<h1 align="center"> PCA + Logistic Regression (MNIST) </h1>

## Downloading MNIST Dataset

In [6]:
from sklearn.datasets import fetch_mldata

# Change data_home to wherever to where you want to download your data
mnist = fetch_mldata('MNIST original', data_home='~/Desktop/alternativeData')

In [7]:
mnist

{'COL_NAMES': ['label', 'data'],
 'DESCR': 'mldata.org dataset: mnist-original',
 'data': array([[0, 0, 0, ..., 0, 0, 0],
        [0, 0, 0, ..., 0, 0, 0],
        [0, 0, 0, ..., 0, 0, 0],
        ..., 
        [0, 0, 0, ..., 0, 0, 0],
        [0, 0, 0, ..., 0, 0, 0],
        [0, 0, 0, ..., 0, 0, 0]], dtype=uint8),
 'target': array([ 0.,  0.,  0., ...,  9.,  9.,  9.])}

In [8]:
# These are the images
mnist.data.shape

(70000, 784)

In [9]:
# These are the labels
mnist.target.shape

(70000,)

## Splitting Data into Training and Test Sets

In [11]:
from sklearn.model_selection import train_test_split

# test_size: what proportion of original data is used for test set
train_img, test_img, train_lbl, test_lbl = train_test_split(
    mnist.data, mnist.target, test_size=1/7.0, random_state=0)

## Standardizing the Data

Since PCA yields a feature subspace that maximizes the variance along the axes, it makes sense to standardize the data, especially, if it was measured on different scales.
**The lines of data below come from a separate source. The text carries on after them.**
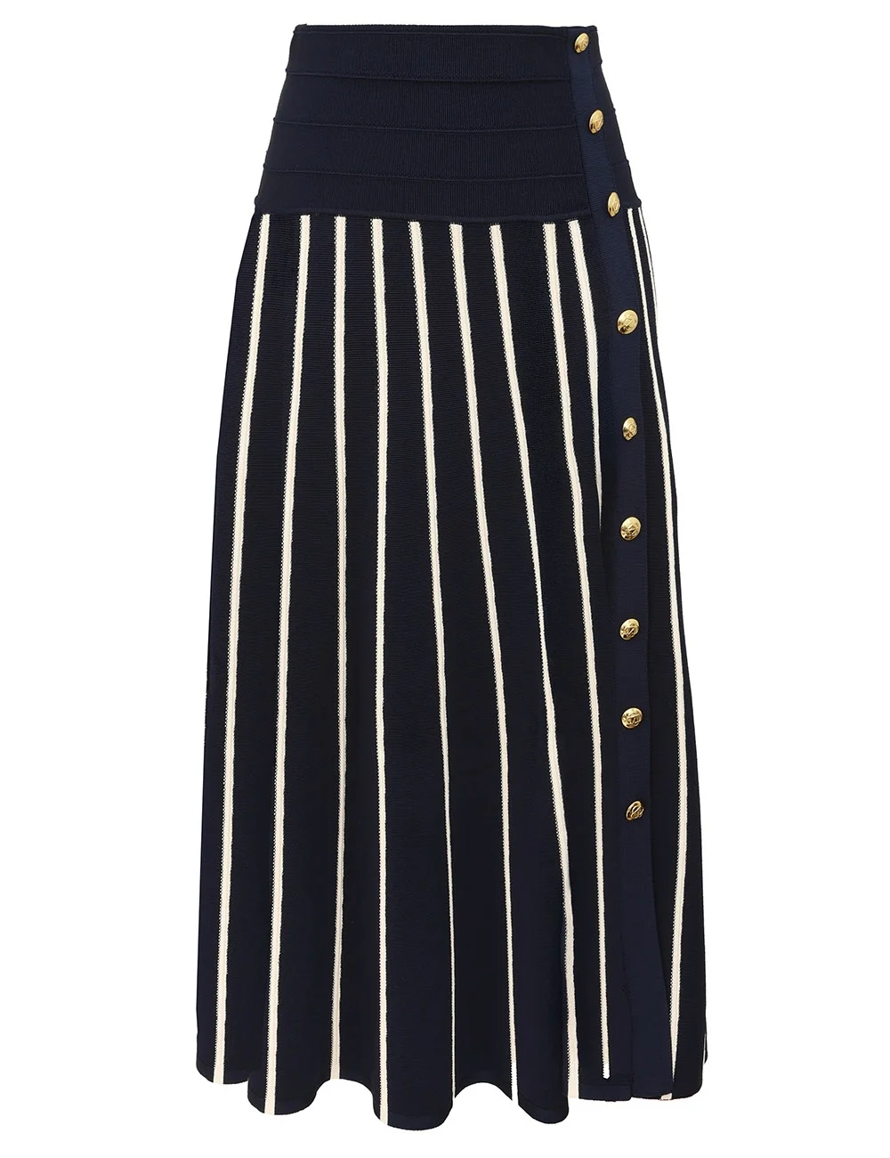 ITEM DETAILS The Luna Striped Midi Skirt in Navy/Cream from our Spring 2026 Collection, Kindred Spirit. A knit midi skirt featuring an elasticated waistband and functional right-side buttons. - Mid-rise, midi-length skirt - Elasticated waistband panel - Front buttons allow for flexible fit Style Code: 8734SS261 SIZE DETAILS 0P 0 1 2 3 4 Length 30 33 33 33 33 33 Waist 23.5 24.5 27 29 30.5 33 Hip 25 27 29 31.5 33 35.5 Elasticated waist for a flexible fit Mid-rise waist with a mid-length skirt Heavy-weight, stretchy fabric This garment fits true to size Available in size 0P, suited to clients who are under 5'3"/ 160cm Model is 5'9.5"/178 cm, bust size 32C/10C and wears a size 0 Item measurements are in inches CARE INSTRUCTIONS 85% viscose, 13% polyamide, 2% elastane Dry clean only code f (hydrocarbon only); Remove any detachable trims prior to dry cleaning; Cover to protect trim; Iron in low temperature with protective cloth; Do not spot clean; Store garment flat do not hang Always check the label or care card for specific care instructions.
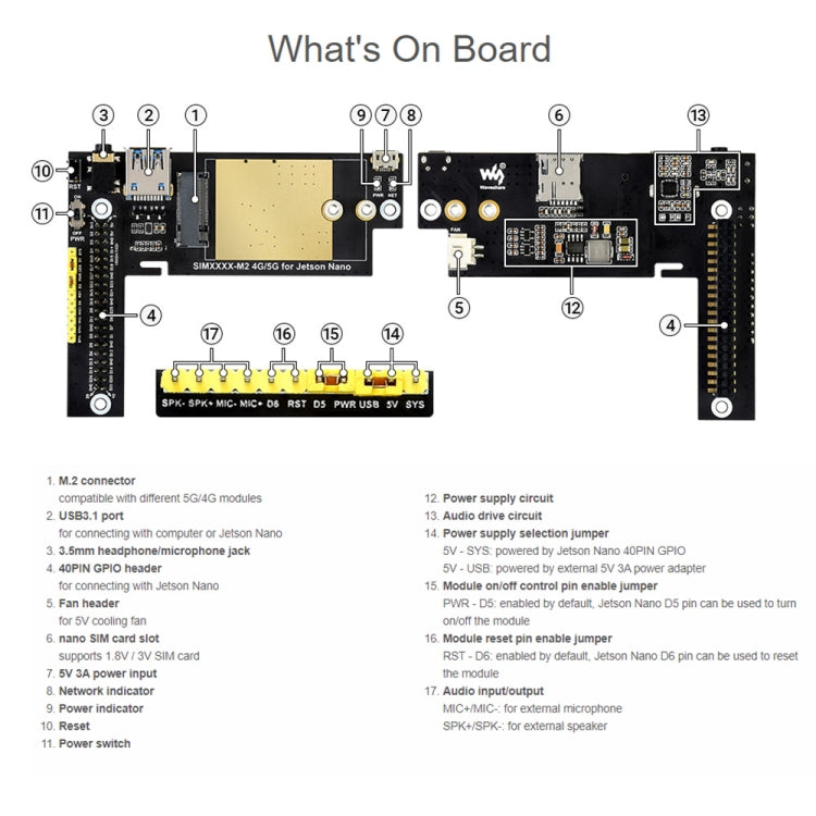 The base board features standard M2 connector, allows connecting with different 4G or 5G communication module in M2 package. There are also onboard interfaces like USB3.1 port, audio jack, SIM card slot, etc. Combined with our configuration script and development resources, it is easy to enable 5G high speed communication for the Jetson Nano or computer. This 5G module is ideal for fast evaluating 5G modules, as well as being integrated into sorts of applications where 5G connection is required.
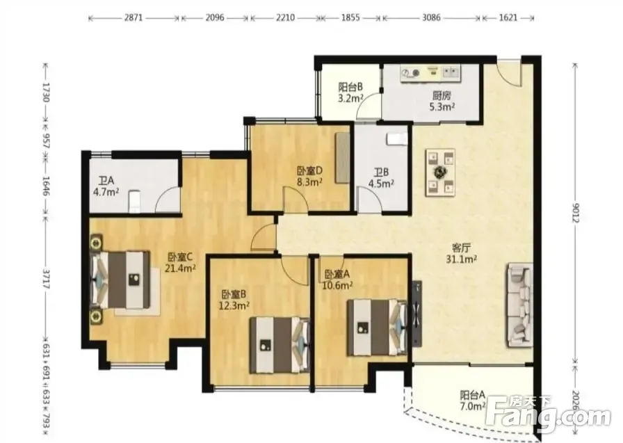 *获取完整户型报告,同时会有免费语音讲解服务
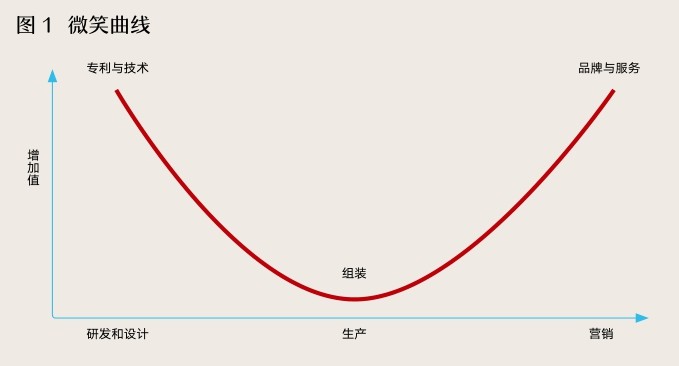 微笑曲线一直被人们广泛使用(图1)。就制造的供应链而言,它往往用来表明供应链两端增加值最高,而中间的增加值则最低。这根曲线,经常会被用来证明全球工业化的分工差别导致的价值链高低,而且也暗示了不同企业各守其位的合理性。
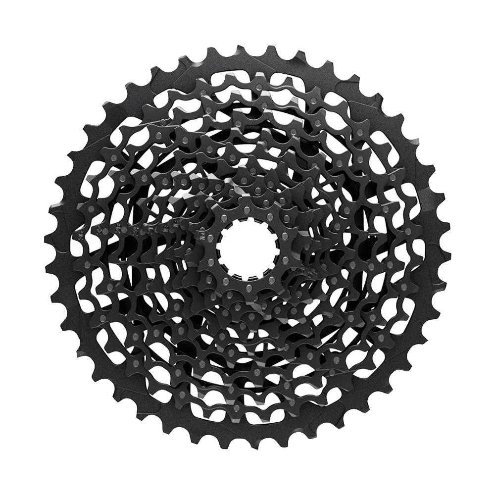 Die preiswerte 11 Sram MTB Kassette mit der Abstufung von 10-42 Zaehnen bietet die 11-fach Kassette eine unglaubliche Uebersetzungsbandbreite und behaelt dennoch optimale Abstufungen bei. In Kombination mit dem XD Freilauf ist sie perfekt mit dem Laufrad verbunden. Die Konstruktion der Full Pin Kassette, mit 123 hochfesten Stahlpins reduziert das Gewicht und bietet hohe Haktbarkeit. Das offene Design ist weniger schmutzanfaellig, sorgt fuer sauberere Schaltvorgaenge und laengere Haltbarkeit.

Notebook going over the importance of feature Scaling: http://scikit-learn.org/stable/auto_examples/preprocessing/plot_scaling_importance.html#sphx-glr-auto-examples-preprocessing-plot-scaling-importance-py

In [12]:
from sklearn.preprocessing import StandardScaler
scaler = StandardScaler()
scaler.fit(train_img)
train_img = scaler.transform(train_img)
test_img = scaler.transform(test_img)



## PCA to Speed up Machine Learning Algorithms (Logistic Regression)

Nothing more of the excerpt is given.